I stepped through the metal detector while Obama’s Secret Service agent searched my equipment bag for contraband. Kind of like O’Hare, minus the long lines and degradation. As one of the cyborgs stared at me with his unblinking eyes, my heart rate increased and images of myself deported to Guantanamo filled my paranoid psyche. Not that I was doing anything wrong, but these guys didn’t exactly look like they would need a reason to make me disappear. I was cleared.
I snuck in to photograph Obama one more time. A few months later, Indiana held its primary and Obama came to Gary. Maybe it was the proximity to my home in the suburbs, or that I had covered him so much (I had actually seen the guy more frequently than I’d seen most of my family). I didn’t know what it was, but I felt comfortable. Like I knew what I was doing. Like I ran through a gauntlet, proved myself worthy and emerged out the other side as a legitimate photojournalist.
I learned a few things through the primary season.
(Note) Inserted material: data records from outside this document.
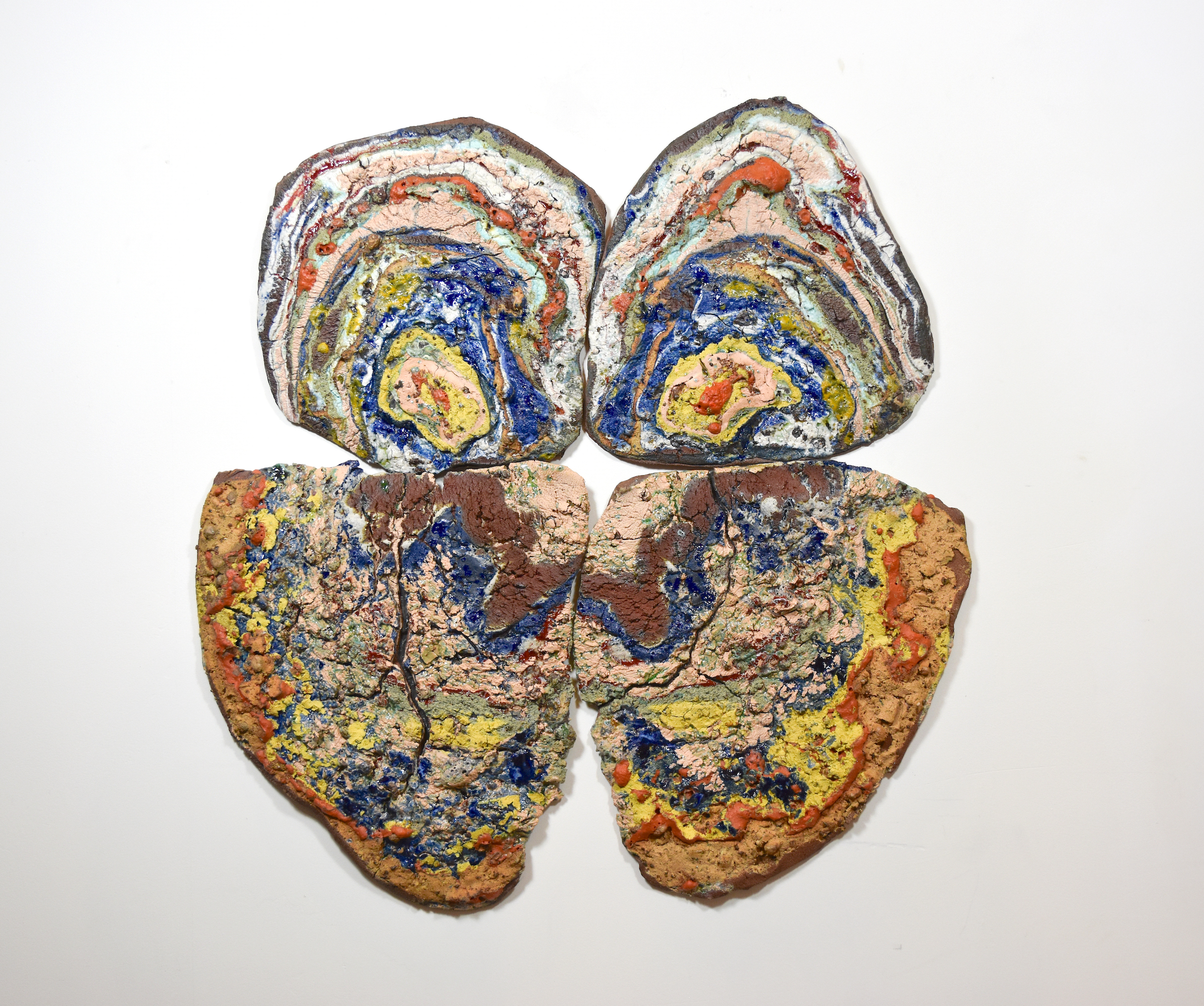 2024, 79" x 60" x 2", Media: Colored porcelain, Porcelain, Stoneware, Wild Clay/Raw Clay, Firing Process: Electric, Mid-range, Oxidation, Surface: Engobe / Slip / Underglaze, Glazed, Oxide, Pattern, Relief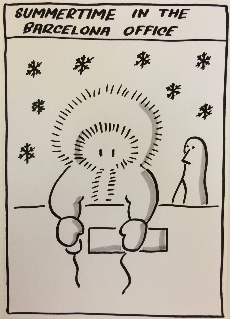 Given the external heat & humidity of a Barcelona summer you might expect the climate inside the office to be somewhat and insufferably similar. On the contrary: the instant summer arrives the office turns into an air-conditioned ice box.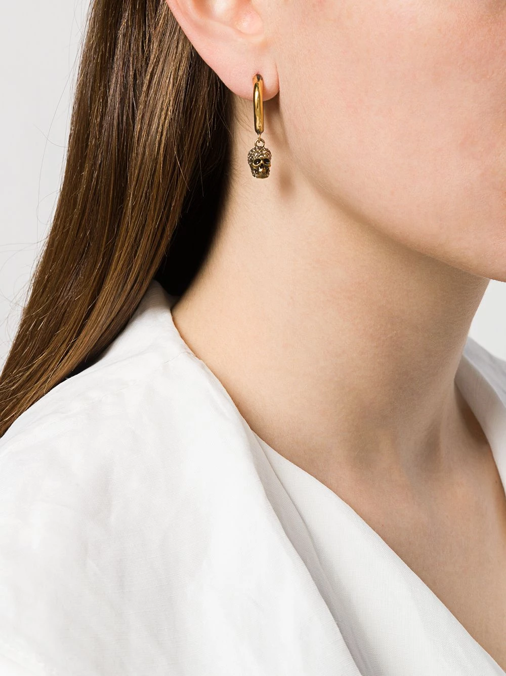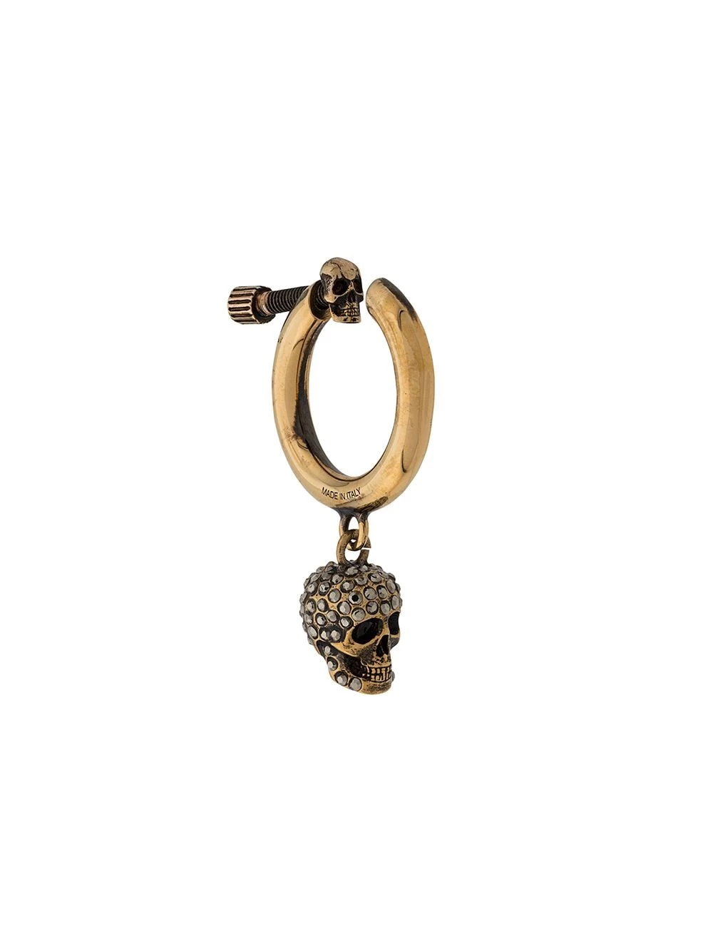 Discover the darkly alluring aesthetic of Alexander McQueen in the latest collection. Theatrical designs feature intricate, opulent detailing and gothic motifs – as showcased by this brass skull drop earring. Featuring a post back closure and crystal embellishments. This is a single earring.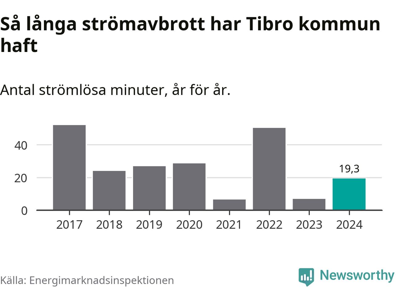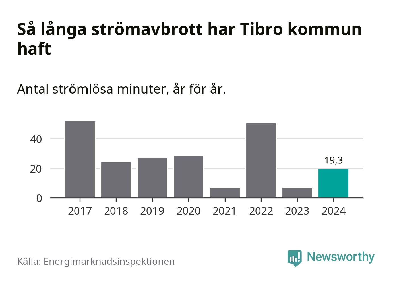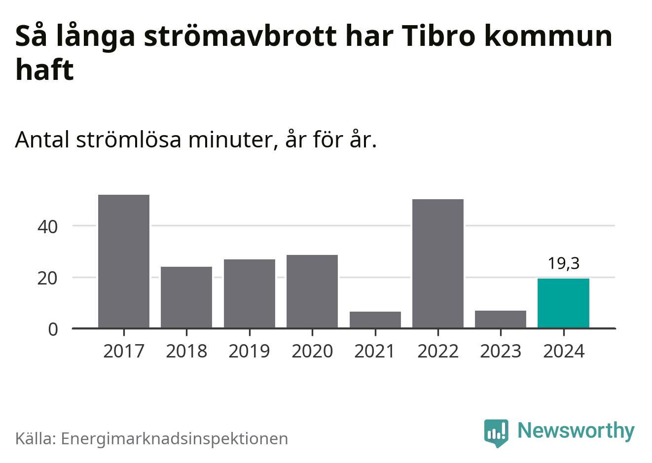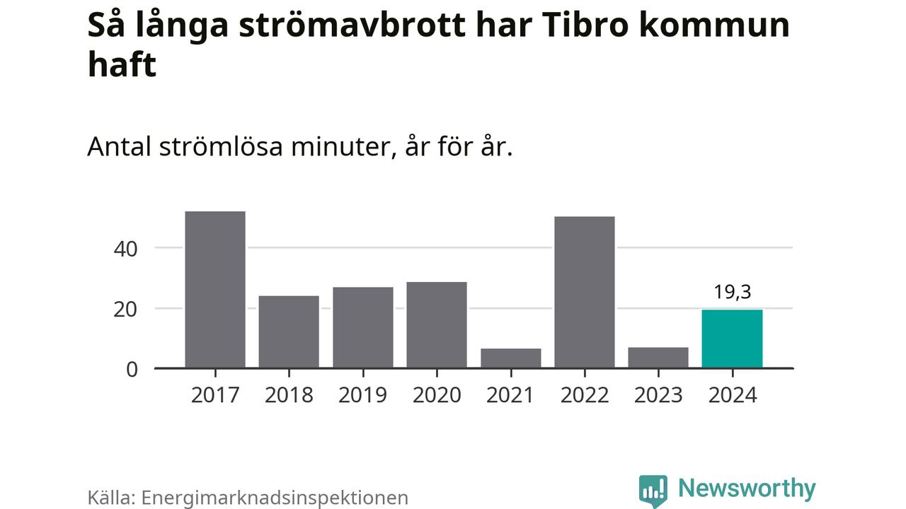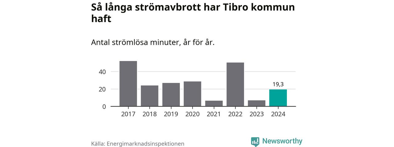 Antalet strömavbrott och total strömlös tid varierar något från år till år i Tibro kommun. Mest tid utan ström (i alla fall under perioden 2017–2024) fick Tibroborna genomleva under 2017 – 52 minuter. Det är 27 minuter längre än under ett normalår.

When to move, when not to, how to use the backdrops and the crowds to my advantage and, most importantly, how to get the shot.
So while Barack Obama emerged as the Democratic candidate and is moving on to bigger battles and maybe the White House, and as hundreds of supporters and politicians try to ride in on his coattails, I sit back and hope that there’s room for one more. Just a little space left for a lowly self-proclaimed guerilla journalist and his cameras.